▸ TASK DATA

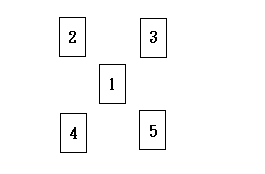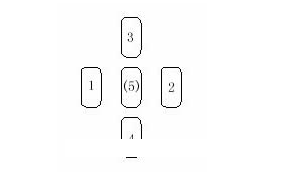 塔羅牌的幸運五指占卜法,主要用於占卜事業、愛情。是一個占卜運程的方法。牌陣如圖。
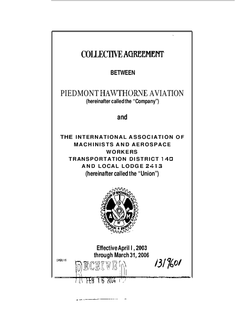 COLLECTIVE AClREEMENT BETWEENPIEDMONT H A W H O R N E AVIATION (hereinafter called the Company)and THE I N T E R N A T I O N A L A S S O C I A T I O N O F MACHINISTS A N D AEROSPACE WORKERS TRANSPORTATION
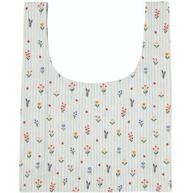 Soft, slow, picnic-perfect summer days inspire this bright and airy Hand Picked Grocery bag. Made of cotton this reusable bag is mightier than it appears. A large, flat base supports cans, produce, or take-out containers while wide handles make carrying more comfortable. Reminiscent of the classic plastic grocery bag we all know well - just more stylish, durable, and endlessly reusable. Part of the Hand Picked collection, this design offers painted daisies and ladybugs on a striped light blue and comforting cream surface.
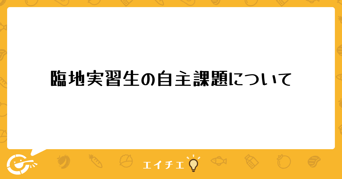 三年前より臨地実習生の受け入れをし始め、栄養士一人ということもあり、丸っと1週間実習生に付きっきりになり普段の仕事があまりに進まなくなるといういわゆる実習生受け入れあるあるなんでしょうが老健実習生の自主課題について質問です(長いわ)。
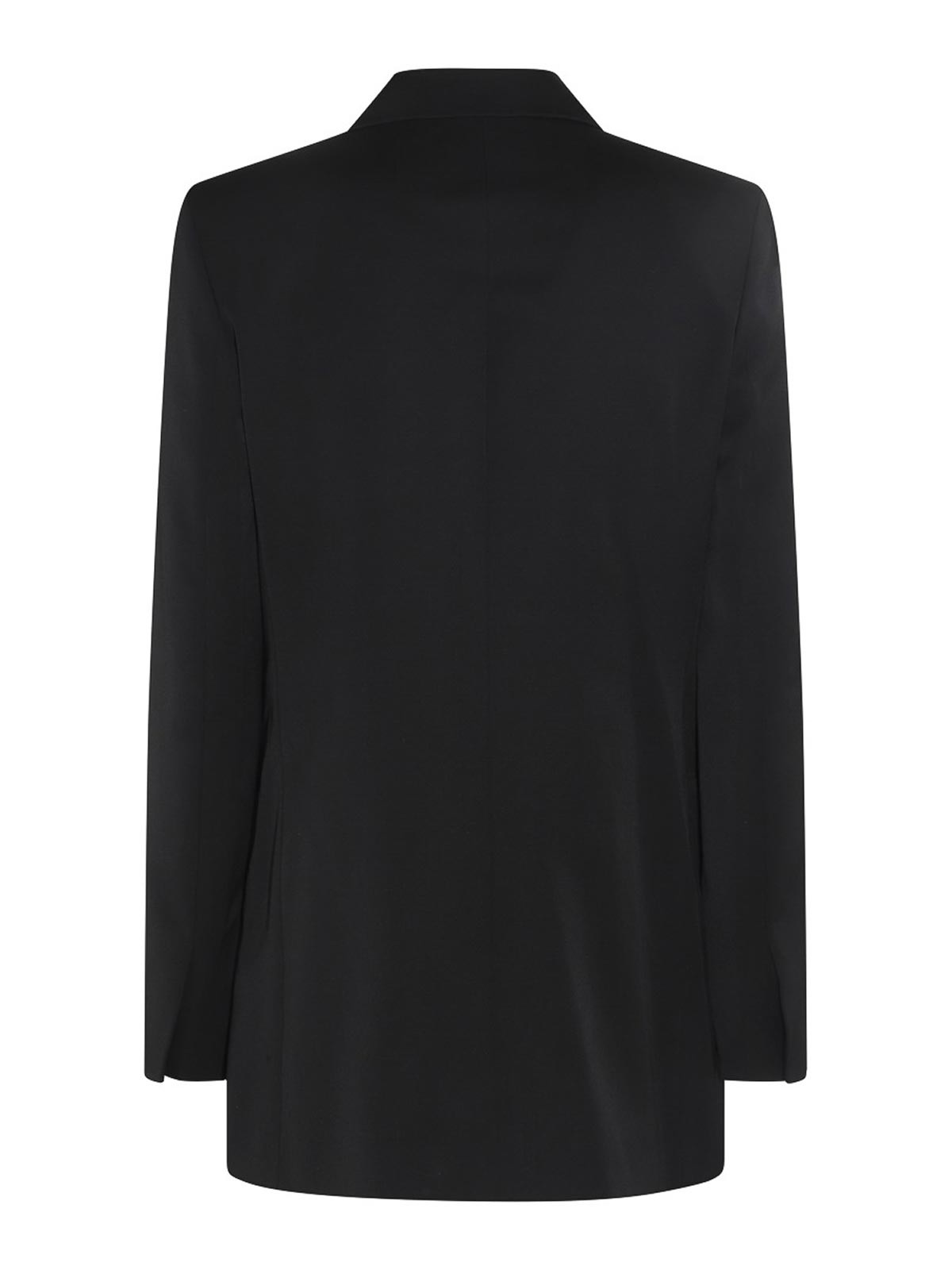 Black blazer from lanvin featuring long sleeves double breasted oversize fit palladium tone buttons and
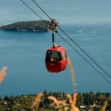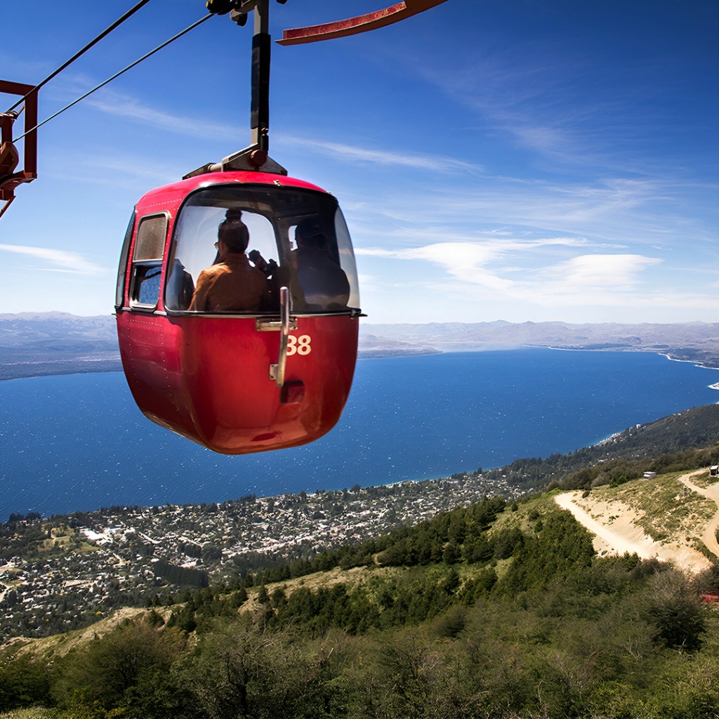 Desde un punto de encuentro pactado en Bariloche, serán trasladados a la base del cerro para ascender en el moderno Teleférico con capacidad hasta 4 pasajeros por góndola mientras recorren 2 km sobre el bosque andino hasta alcanzar los 1.405 msnm. Durante el ascenso, las ventanas se abren al Lago Nahuel Huapi, la ciudad y las montañas que rodean el Parque Nacional.

▸ WORK TO COMPLETE
Please output the material as written, apart from the images.

▸ ANSWER TO THIS EXERCISE
 塔羅牌的幸運五指占卜法,主要用於占卜事業、愛情。是一個占卜運程的方法。牌陣如圖。
 COLLECTIVE AClREEMENT BETWEENPIEDMONT H A W H O R N E AVIATION (hereinafter called the Company)and THE I N T E R N A T I O N A L A S S O C I A T I O N O F MACHINISTS A N D AEROSPACE WORKERS TRANSPORTATION
 Soft, slow, picnic-perfect summer days inspire this bright and airy Hand Picked Grocery bag. Made of cotton this reusable bag is mightier than it appears. A large, flat base supports cans, produce, or take-out containers while wide handles make carrying more comfortable. Reminiscent of the classic plastic grocery bag we all know well - just more stylish, durable, and endlessly reusable. Part of the Hand Picked collection, this design offers painted daisies and ladybugs on a striped light blue and comforting cream surface.
 三年前より臨地実習生の受け入れをし始め、栄養士一人ということもあり、丸っと1週間実習生に付きっきりになり普段の仕事があまりに進まなくなるといういわゆる実習生受け入れあるあるなんでしょうが老健実習生の自主課題について質問です(長いわ)。
 Black blazer from lanvin featuring long sleeves double breasted oversize fit palladium tone buttons and
 Desde un punto de encuentro pactado en Bariloche, serán trasladados a la base del cerro para ascender en el moderno Teleférico con capacidad hasta 4 pasajeros por góndola mientras recorren 2 km sobre el bosque andino hasta alcanzar los 1.405 msnm. Durante el ascenso, las ventanas se abren al Lago Nahuel Huapi, la ciudad y las montañas que rodean el Parque Nacional.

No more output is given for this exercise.